───── Information provided ─────

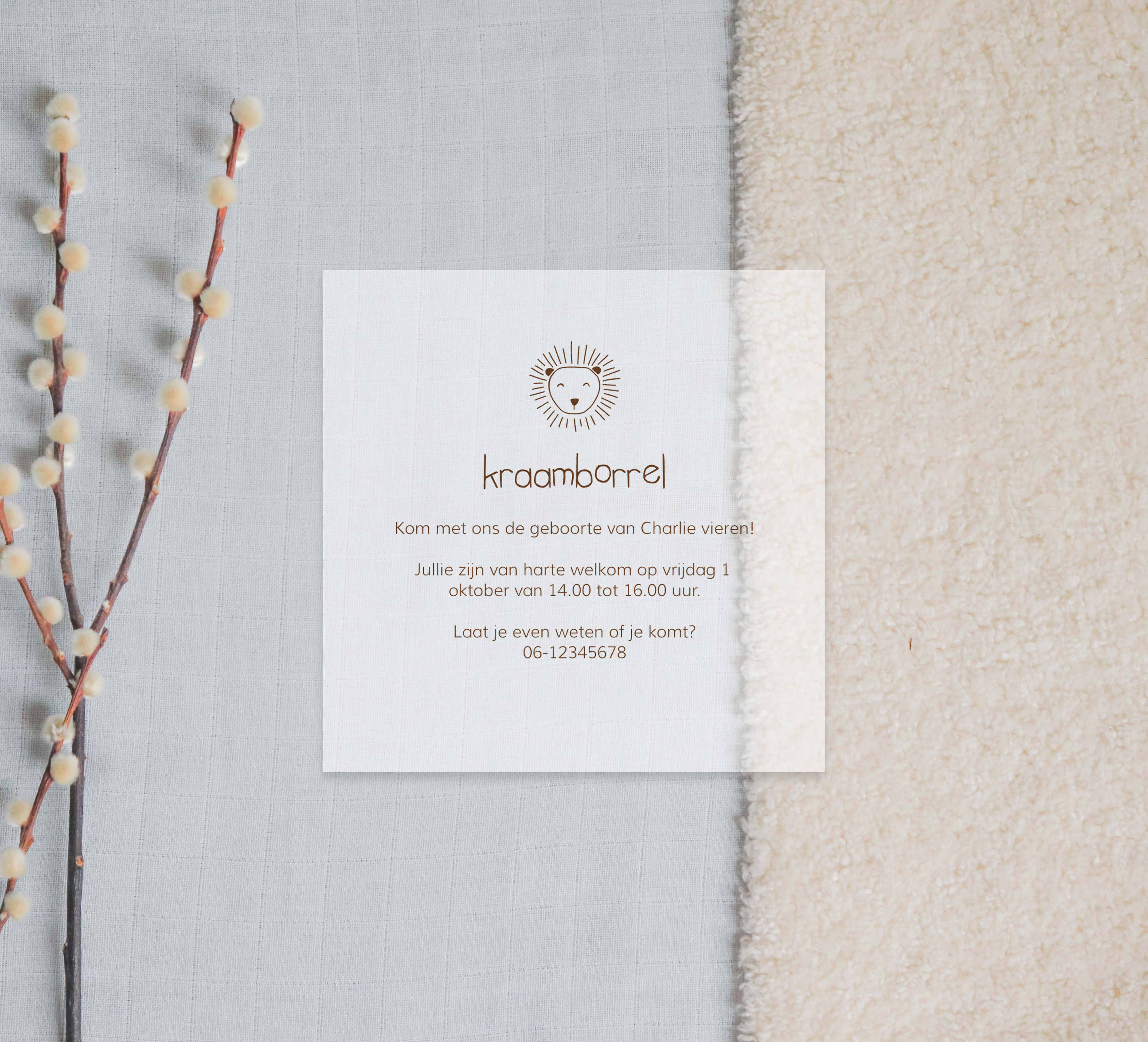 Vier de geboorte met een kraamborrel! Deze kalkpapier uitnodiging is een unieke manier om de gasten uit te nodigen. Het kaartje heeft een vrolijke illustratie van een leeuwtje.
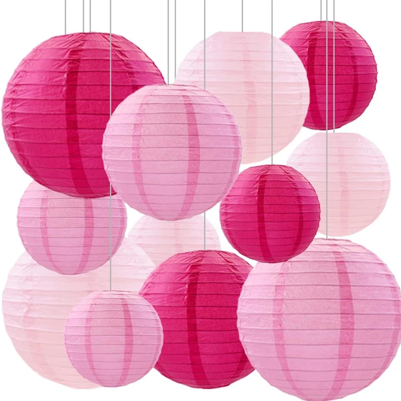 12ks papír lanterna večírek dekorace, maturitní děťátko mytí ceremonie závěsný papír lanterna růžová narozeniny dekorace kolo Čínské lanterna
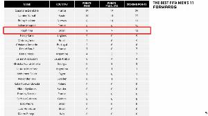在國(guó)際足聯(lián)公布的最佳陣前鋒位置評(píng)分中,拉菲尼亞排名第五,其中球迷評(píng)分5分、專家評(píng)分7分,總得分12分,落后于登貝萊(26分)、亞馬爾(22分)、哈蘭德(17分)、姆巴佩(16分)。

─────
───── Information provided ─────

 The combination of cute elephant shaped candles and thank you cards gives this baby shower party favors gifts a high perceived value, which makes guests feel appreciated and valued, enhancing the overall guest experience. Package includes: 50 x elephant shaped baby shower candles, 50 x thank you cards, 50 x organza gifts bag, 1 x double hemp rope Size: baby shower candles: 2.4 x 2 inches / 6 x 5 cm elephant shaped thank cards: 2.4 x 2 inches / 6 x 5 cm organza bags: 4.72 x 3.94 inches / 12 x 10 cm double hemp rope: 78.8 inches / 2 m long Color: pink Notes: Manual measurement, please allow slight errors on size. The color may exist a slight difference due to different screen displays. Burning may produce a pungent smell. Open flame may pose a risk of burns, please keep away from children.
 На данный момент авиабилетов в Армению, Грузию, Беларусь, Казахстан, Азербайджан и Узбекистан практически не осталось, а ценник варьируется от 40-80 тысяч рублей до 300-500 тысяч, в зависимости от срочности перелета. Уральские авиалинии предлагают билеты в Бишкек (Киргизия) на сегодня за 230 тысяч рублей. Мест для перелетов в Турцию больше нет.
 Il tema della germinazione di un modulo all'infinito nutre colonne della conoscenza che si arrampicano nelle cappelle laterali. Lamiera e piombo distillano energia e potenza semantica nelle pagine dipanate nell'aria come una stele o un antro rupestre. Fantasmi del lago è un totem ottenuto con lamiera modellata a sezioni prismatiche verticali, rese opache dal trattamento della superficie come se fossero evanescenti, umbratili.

─────

■ **Work task**:
Output exactly the lines of the material above from the one containing "На данный момент" up to and including the one containing "Il tema della".

■ **Written solution**:
 На данный момент авиабилетов в Армению, Грузию, Беларусь, Казахстан, Азербайджан и Узбекистан практически не осталось, а ценник варьируется от 40-80 тысяч рублей до 300-500 тысяч, в зависимости от срочности перелета. Уральские авиалинии предлагают билеты в Бишкек (Киргизия) на сегодня за 230 тысяч рублей. Мест для перелетов в Турцию больше нет.
 Il tema della germinazione di un modulo all'infinito nutre colonne della conoscenza che si arrampicano nelle cappelle laterali. Lamiera e piombo distillano energia e potenza semantica nelle pagine dipanate nell'aria come una stele o un antro rupestre. Fantasmi del lago è un totem ottenuto con lamiera modellata a sezioni prismatiche verticali, rese opache dal trattamento della superficie come se fossero evanescenti, umbratili.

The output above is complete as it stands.